For weeks we've heard from doctors, epidemiologists, and other scientists that the coronavirus won't be psyched out or distracted or duped into disappearing, irrespective of happy talk from Trump or gloomy forebodings from Fauci. The virus does what it wants as viruses are wont to do.
It does though appear to have shifted its allegiance from Democrat to Republican, something apparent in the uptick of cases in parts of the country not previously hard hit.
I refer to the red states.
In late March and all through April, the southern and midwestern states were eager to reopen, and they found a willing accomplice in Donald Trump; after all, that's where his votes came from. He's not going to carry New York, Massachusetts, Connecticut, California, or Washington, and so allowing the citizens in those states to dictate the pace at which America moved forward or didn’t move at all grated on him and annoyed the hell out of people in Georgia, Iowa, Arizona, and the like.

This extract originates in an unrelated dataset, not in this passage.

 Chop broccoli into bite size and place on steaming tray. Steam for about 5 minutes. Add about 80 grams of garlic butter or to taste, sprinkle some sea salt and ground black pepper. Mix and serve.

They clamored for their right to bowl and press against each other in swimming pools, and knuckling under meekly, Trumpian governors acceded to their wishes. Now it appears that the first states to reopen will be among the first to re-close. It would all be funny—a little bit of schadenfreude—were it not for the fact that the people in those swimming pools don't live in those pools. When they towel off and go home, they carry all the little virulent droplets with them. And tonight in Tulsa, all those attendees at the Trump Love Fest and Adulation Festival (some wags have labeled it Covid-Fest 2020) will be doing the same and worse—worse because they will transport those droplets on interstate journeys to Kansas, Texas, Louisiana, etc.
At the heart of this, and seemingly at the heart of everything, lies a failed or nonexistent national policy, the product of a failed, non-existent administration. And to the rest of the world, we look like clowns, as if we have given up. In the words of Siouxsie Wiles, an infectious-diseases specialist at the University of Auckland in New Zealand, “It really does feel like the U.S. has given up.” She would know—her country has confirmed only three new cases over the last three weeks, and New Zealanders have now largely returned to their pre-coronavirus routines.

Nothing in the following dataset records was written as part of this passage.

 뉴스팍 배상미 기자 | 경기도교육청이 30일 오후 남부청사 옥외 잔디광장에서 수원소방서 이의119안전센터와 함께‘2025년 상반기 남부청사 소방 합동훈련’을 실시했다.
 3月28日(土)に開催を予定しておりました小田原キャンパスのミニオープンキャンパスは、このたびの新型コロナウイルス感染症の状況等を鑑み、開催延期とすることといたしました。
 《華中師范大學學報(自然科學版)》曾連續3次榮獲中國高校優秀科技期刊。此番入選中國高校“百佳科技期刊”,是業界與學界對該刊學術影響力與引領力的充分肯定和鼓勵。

And Americans? In states where cases are spiking, we continue to plow forward as if Covid-19 didn’t exist, as if the death toll were not 120,000, as if a man speaking in an enclosed arena with 20,000 screaming people present was perfectly logical.

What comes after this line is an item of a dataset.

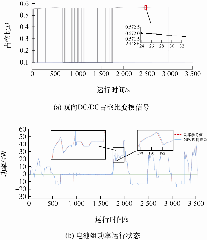 底层模型预测控制器用于混合动态电源主要是电池组的管理,电池组充放电时,两端的电压随着电池组SOC的变化而变化,所以对于双向DC/DC的控制是随着电池组能量变化而变化的,而决策主要是双向DC/DC变换器的占空比信号d B ∈(0,1),使电池组输出端的电压稳定在母线标准电压处,所以电池组的作用不仅是作为系统能量管理的一部分,还承担着在负载能量波动时维持母线电压的目的。底层的系统控制架构如图7 所示。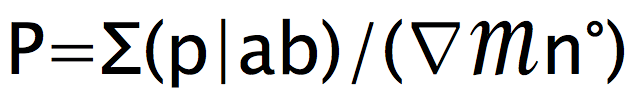 Where P is the path of the walk, as an iteration or repeat of p, which is each leg as a straight line a-b until this is changed by meeting a person (the m is an aboriginal sign for a person, basically, the bottom mark left in the sand where a person was sitting) in which case the path p changes (the triangle) by n degrees.

It's easy to say that the rally attendees aren't thinking clearly, but their unforgivable sin is their callousness. At the height of the scourge in New York and Boston, big-city hospitals were able to marshal all their resources and still just barely survive. What will happen in backwater towns in those red states when the patient load overwhelms the system? It's not just the partiers who will suffer—it will be more health care workers again paying the price—for some, the ultimate price—so that an ignorant narcissist can have his ego trip.
The virus, of course, does what it wants and afflict whom it wants, but there are steps we can take to redirect it, mitigate it, deflect it. A rally in a packed auditorium is not one of those steps.